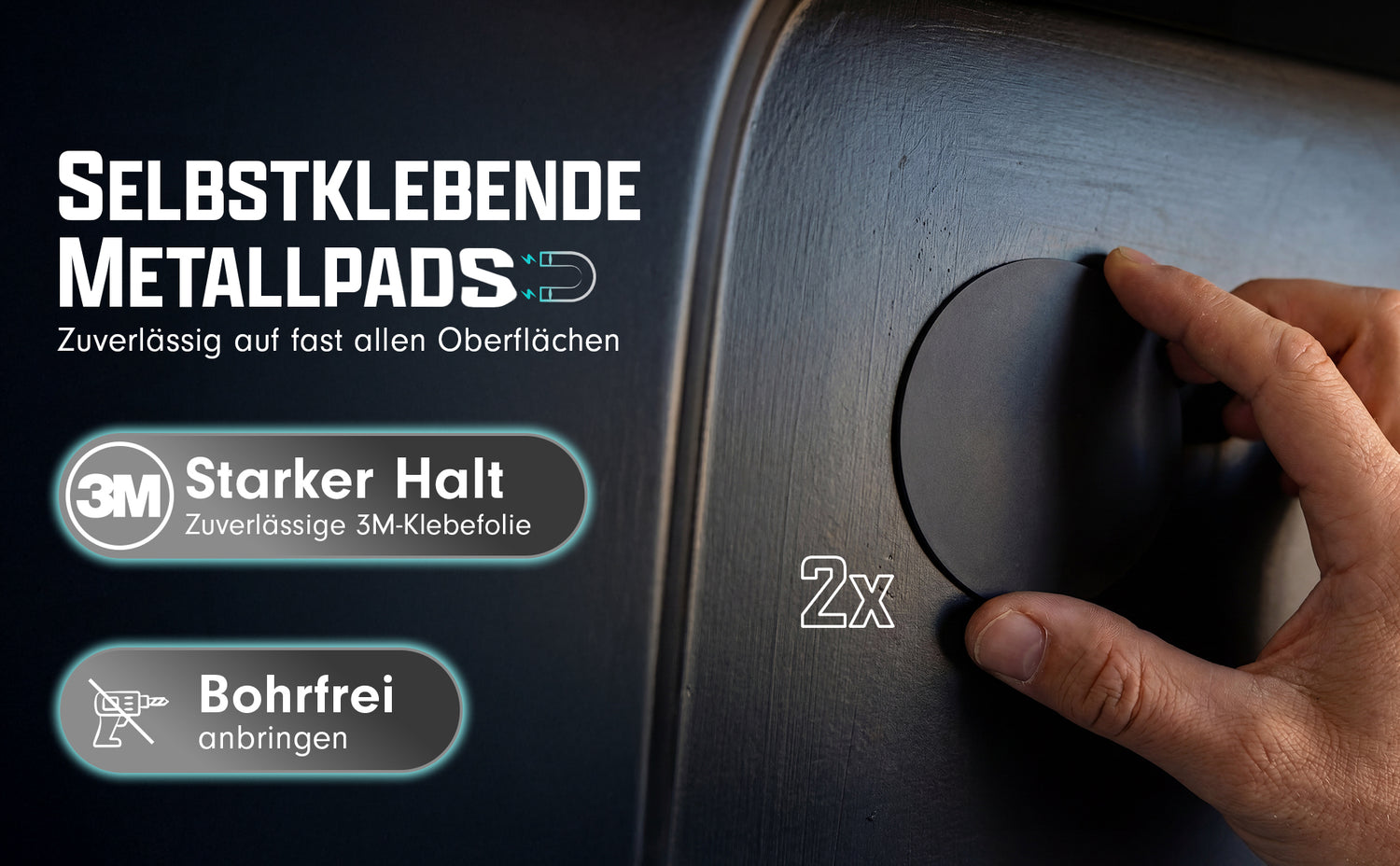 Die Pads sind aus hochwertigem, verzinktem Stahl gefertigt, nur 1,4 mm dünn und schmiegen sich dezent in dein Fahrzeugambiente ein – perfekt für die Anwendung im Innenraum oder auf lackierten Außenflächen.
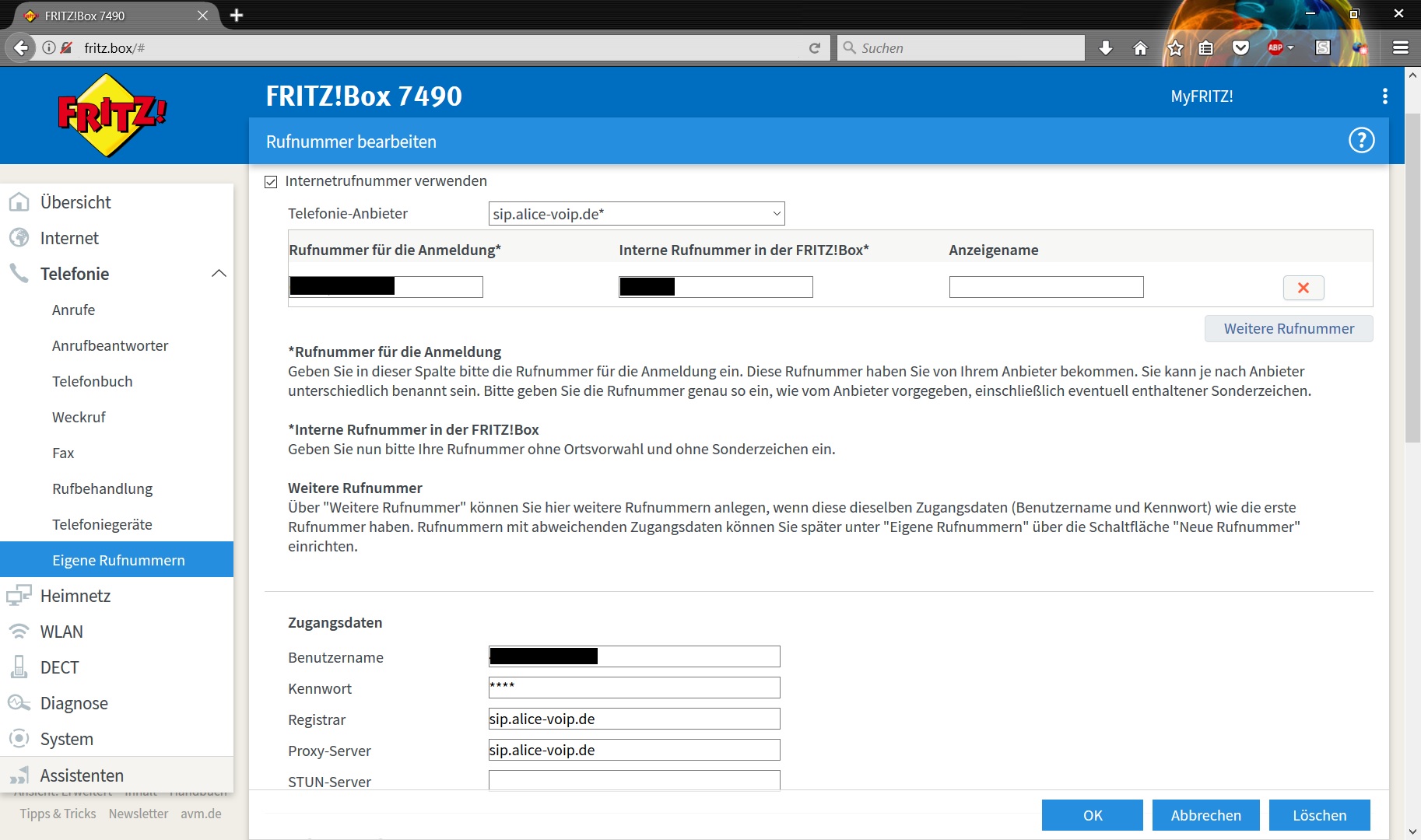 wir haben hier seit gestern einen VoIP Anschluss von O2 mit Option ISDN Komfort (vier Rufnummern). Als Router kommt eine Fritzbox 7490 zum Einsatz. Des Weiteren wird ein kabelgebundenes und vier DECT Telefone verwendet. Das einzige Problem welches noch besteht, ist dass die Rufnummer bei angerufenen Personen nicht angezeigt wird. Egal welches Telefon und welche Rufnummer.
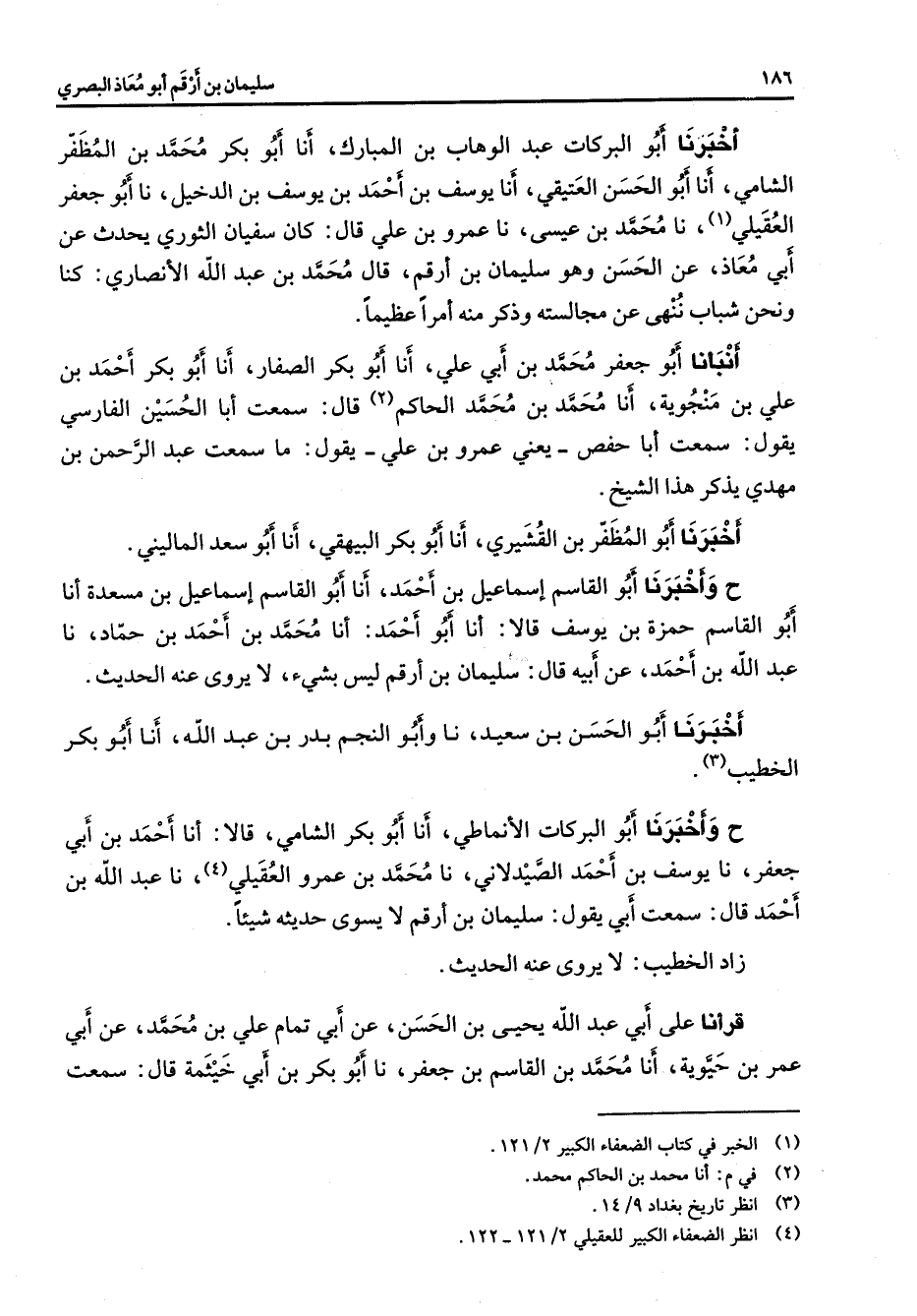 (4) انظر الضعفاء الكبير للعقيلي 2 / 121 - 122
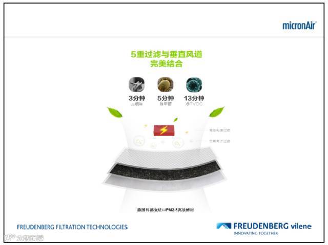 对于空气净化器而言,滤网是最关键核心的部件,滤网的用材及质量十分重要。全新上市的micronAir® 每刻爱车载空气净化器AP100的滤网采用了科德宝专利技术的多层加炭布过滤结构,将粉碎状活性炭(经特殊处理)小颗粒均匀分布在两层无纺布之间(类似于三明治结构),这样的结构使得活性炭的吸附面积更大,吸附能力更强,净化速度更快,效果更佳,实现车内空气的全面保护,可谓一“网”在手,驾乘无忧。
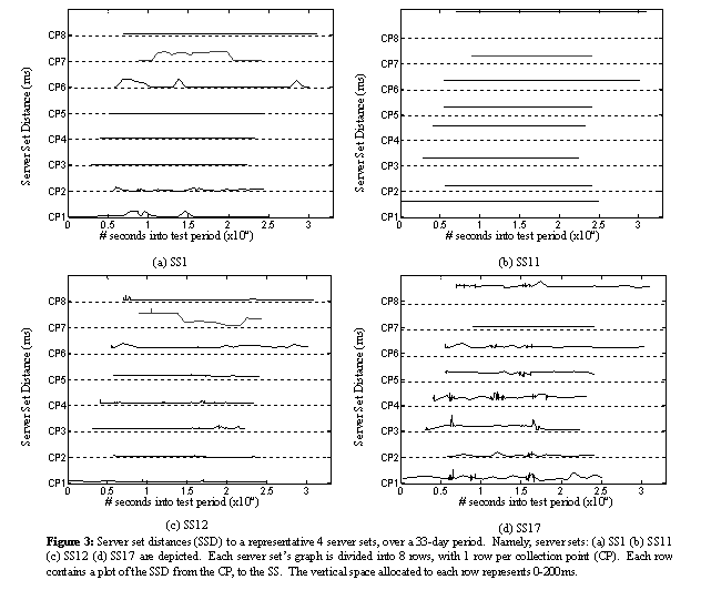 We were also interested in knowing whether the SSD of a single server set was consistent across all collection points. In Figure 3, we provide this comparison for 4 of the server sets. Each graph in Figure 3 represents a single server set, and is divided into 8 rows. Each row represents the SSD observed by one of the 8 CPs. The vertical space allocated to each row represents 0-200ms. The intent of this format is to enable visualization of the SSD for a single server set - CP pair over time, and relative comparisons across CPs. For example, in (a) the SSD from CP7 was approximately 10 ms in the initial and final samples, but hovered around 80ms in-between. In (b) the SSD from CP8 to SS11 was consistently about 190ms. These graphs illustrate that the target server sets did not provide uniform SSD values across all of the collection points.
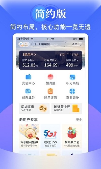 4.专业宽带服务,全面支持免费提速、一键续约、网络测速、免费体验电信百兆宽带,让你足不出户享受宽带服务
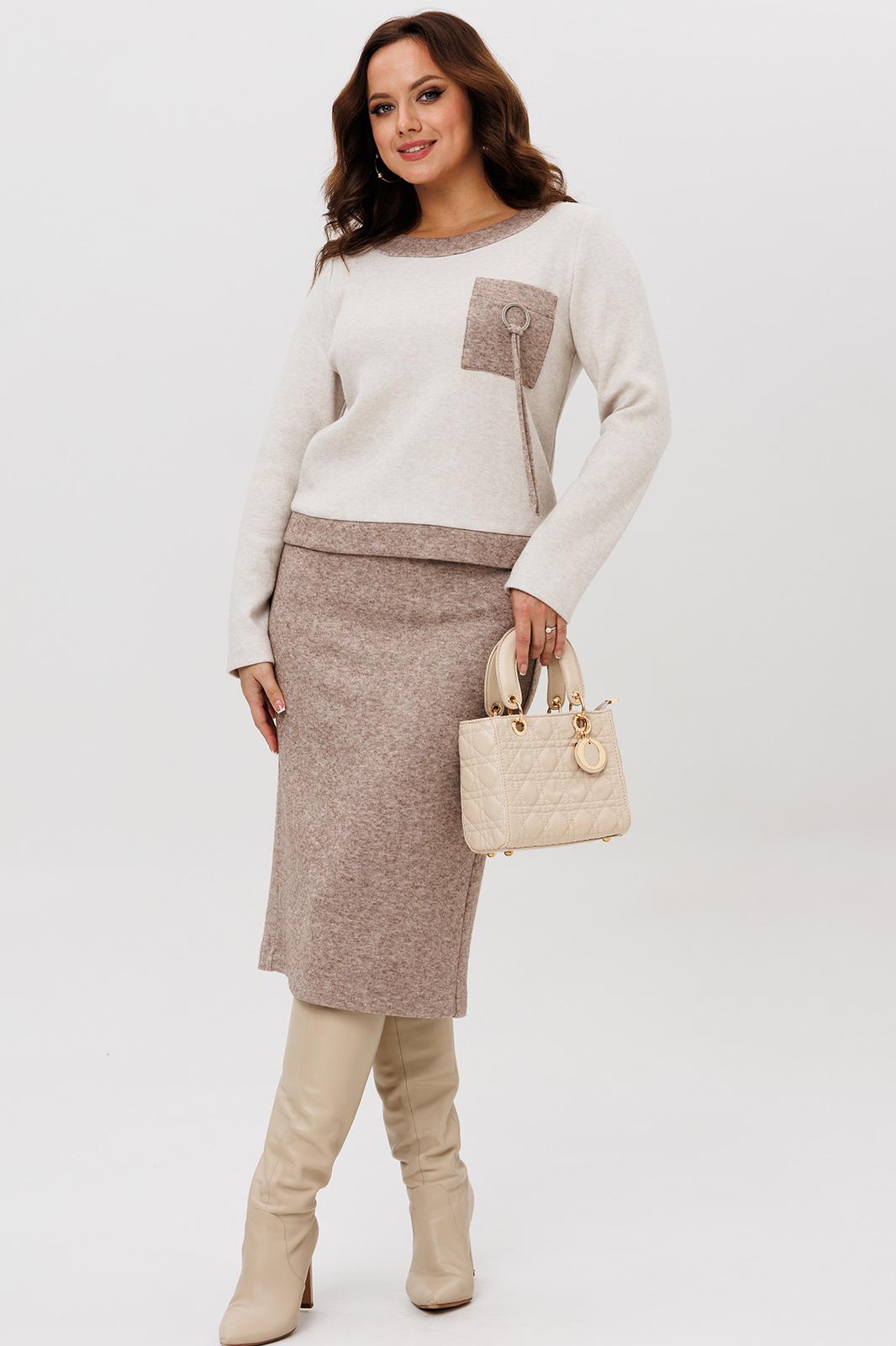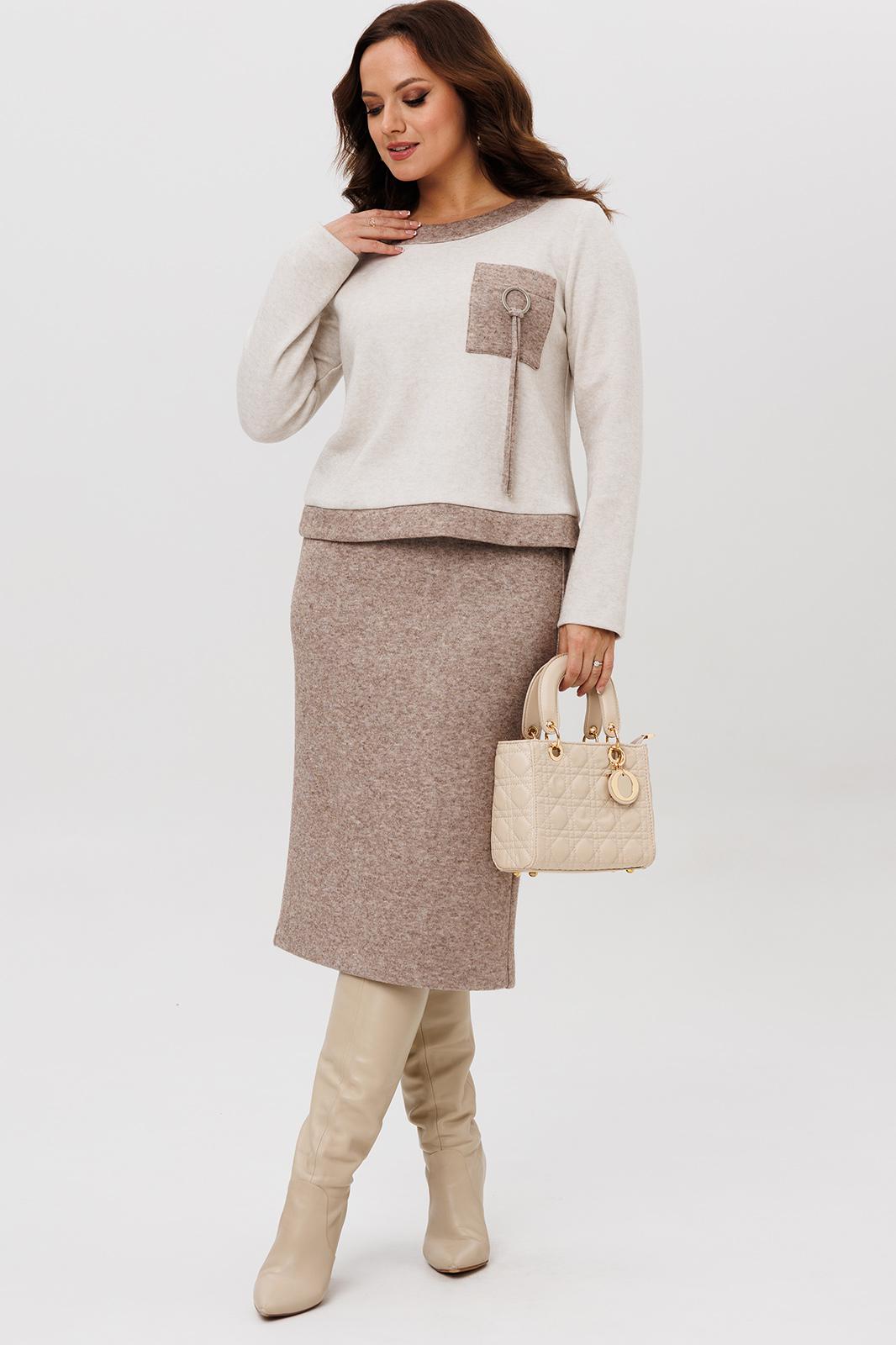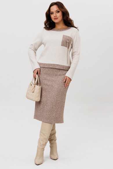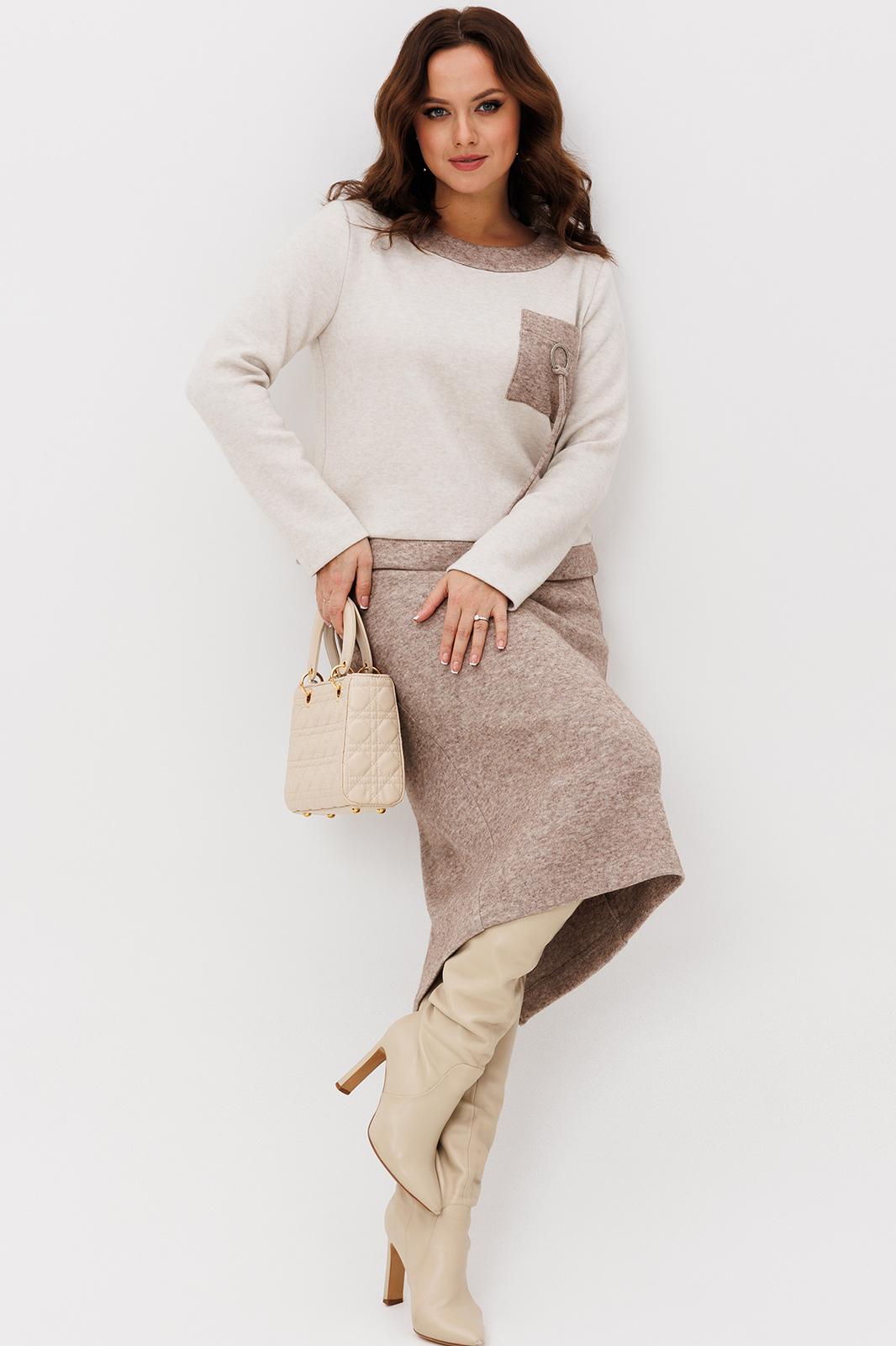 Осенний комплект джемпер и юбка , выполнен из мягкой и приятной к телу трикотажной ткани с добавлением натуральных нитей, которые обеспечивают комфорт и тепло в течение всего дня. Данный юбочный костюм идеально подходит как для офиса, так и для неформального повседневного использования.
------------------------------------------------------------------------
▶ What the task asks: All of the records above are to be copied exactly, minus the pictures.

▶ Task response:
 Die Pads sind aus hochwertigem, verzinktem Stahl gefertigt, nur 1,4 mm dünn und schmiegen sich dezent in dein Fahrzeugambiente ein – perfekt für die Anwendung im Innenraum oder auf lackierten Außenflächen.
 wir haben hier seit gestern einen VoIP Anschluss von O2 mit Option ISDN Komfort (vier Rufnummern). Als Router kommt eine Fritzbox 7490 zum Einsatz. Des Weiteren wird ein kabelgebundenes und vier DECT Telefone verwendet. Das einzige Problem welches noch besteht, ist dass die Rufnummer bei angerufenen Personen nicht angezeigt wird. Egal welches Telefon und welche Rufnummer.
 (4) انظر الضعفاء الكبير للعقيلي 2 / 121 - 122
 对于空气净化器而言,滤网是最关键核心的部件,滤网的用材及质量十分重要。全新上市的micronAir® 每刻爱车载空气净化器AP100的滤网采用了科德宝专利技术的多层加炭布过滤结构,将粉碎状活性炭(经特殊处理)小颗粒均匀分布在两层无纺布之间(类似于三明治结构),这样的结构使得活性炭的吸附面积更大,吸附能力更强,净化速度更快,效果更佳,实现车内空气的全面保护,可谓一“网”在手,驾乘无忧。
 We were also interested in knowing whether the SSD of a single server set was consistent across all collection points. In Figure 3, we provide this comparison for 4 of the server sets. Each graph in Figure 3 represents a single server set, and is divided into 8 rows. Each row represents the SSD observed by one of the 8 CPs. The vertical space allocated to each row represents 0-200ms. The intent of this format is to enable visualization of the SSD for a single server set - CP pair over time, and relative comparisons across CPs. For example, in (a) the SSD from CP7 was approximately 10 ms in the initial and final samples, but hovered around 80ms in-between. In (b) the SSD from CP8 to SS11 was consistently about 190ms. These graphs illustrate that the target server sets did not provide uniform SSD values across all of the collection points.
 4.专业宽带服务,全面支持免费提速、一键续约、网络测速、免费体验电信百兆宽带,让你足不出户享受宽带服务
 Осенний комплект джемпер и юбка , выполнен из мягкой и приятной к телу трикотажной ткани с добавлением натуральных нитей, которые обеспечивают комфорт и тепло в течение всего дня. Данный юбочный костюм идеально подходит как для офиса, так и для неформального повседневного использования.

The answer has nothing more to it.